These Charts Show Global Economy’s Dive Into Deep Recession
(Bloomberg) -- The bad economic news has been coming thick and fast, from record drops in activity to record surges in jobless claims, and unsurprisingly it’s set to continue next week.
The International Monetary Fund updates its global forecasts to coincide with its spring meeting, which will now take place via video conference for the first time because of the coronavirus.
Here are some of the charts that appeared on Bloomberg this week, offering a snapshot of the immense damage being done to activity, jobs and government finances because of the measures needed to contain the virus.
The coronavirus outbreak is set to rob the global economy of more than $5 trillion of growth over the next two years, according to JPMorgan Chase economists. That’s almost 8% of gross domestic product, or greater than the annual output of Japan.
The global economy is already shrinking, and losing steam faster than in the early days of the financial crisis: That’s the main takeaway from Bloomberg Economics’ new global GDP tracker. The reading for March shows a 0.5% contraction on an annualized basis, compared 0.1% in February. With lockdowns deepening over the past month and set to stay in place in April, the March reading is unlikely to be the worst of the downturn.
The pandemic is having a “deep, far-reaching and unprecedented” impact on employment, with more than 1 billion workers at high risk of a pay cut or losing their job, according to the International Labor Organization. With factories, schools and shops shuttered around the world, the ILO says lockdowns are affecting almost 2.7 billion workers. Within that, almost half -- representing about 38% of the global workforce -- are extremely vulnerable, mainly in the hotel, food service, manufacturing and retail industries.
The World Trade Organization says there may be a deeper collapse of international trade flows than at any point in the postwar era. The WTO presented two possible scenarios for global trade in the years to come in a report published Wednesday, noting that the unprecedented nature of the health crisis could result in a wide range of outcomes. In an optimistic scenario, the WTO forecasts merchandise trade may fall 13% in 2020 and rebound 21% in 2021, while in a pessimistic case volumes could drop by as much as 32% before increasing 24% next year.

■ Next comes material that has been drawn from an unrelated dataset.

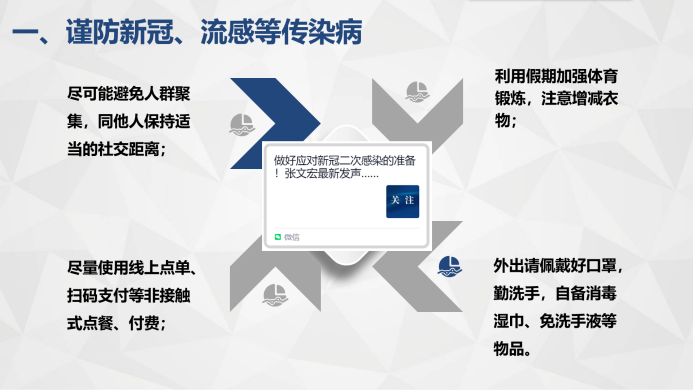 疫情防控岗副段长叶辉强调了五一假期的安全问题,在传染病防控、防溺水、防火、防骗以及交通安全五个方面进行了详细讲解并重点强调了需特别注意的事项。与此同时,也提醒同学们五一期间应加强自身的思想意识教育,遵守法律法规,严禁参与非法宗教、传销等非法活动。

Major central banks have been forced to take extreme steps to support growth and underpin financial stability. Across the Group of Seven, that’s included the return, or launch, of large-scale asset purchases. Net asset purchases for G-7 central banks were close to $1.4 trillion in March. That’s an extraordinary total, close to five times higher than the previous peak of $270 billion in April 2009, according to Bloomberg Economics.
Leaders around the global are unveiling ever-bigger spending packages to help companies and workers. In the European Union, finance ministers managed to paper over differences this week to agree a 540 billion-euro package. Russia was proving an outlier, with the Kremlin hoarding hundreds of billions of dollars in reserves. ING Bank estimates President Vladimir Putin’s support measures so far amount to only about 2% of GDP. That is set to change: The government will roll out about 1 trillion rubles ($13.5 billion) of new spending, according to people familiar with the plans.
Countries have implemented social distancing measures and shutdowns at varying speeds and intensity. While some governments have spoken about gradually easing tough restrictions, any return to what might be recognized as “business as usual” is unlikely to happen very soon.
With huge swathes of economies shut down, workers have been laid off, lost hours or been furloughed. In the U.S., the impact on the labor market can be clearly, and depressingly, seen in initial jobless claims, with the weekly total hitting more than 6.6 million. The average over the past five years -- before the virus-related surge -- is less than 250,000.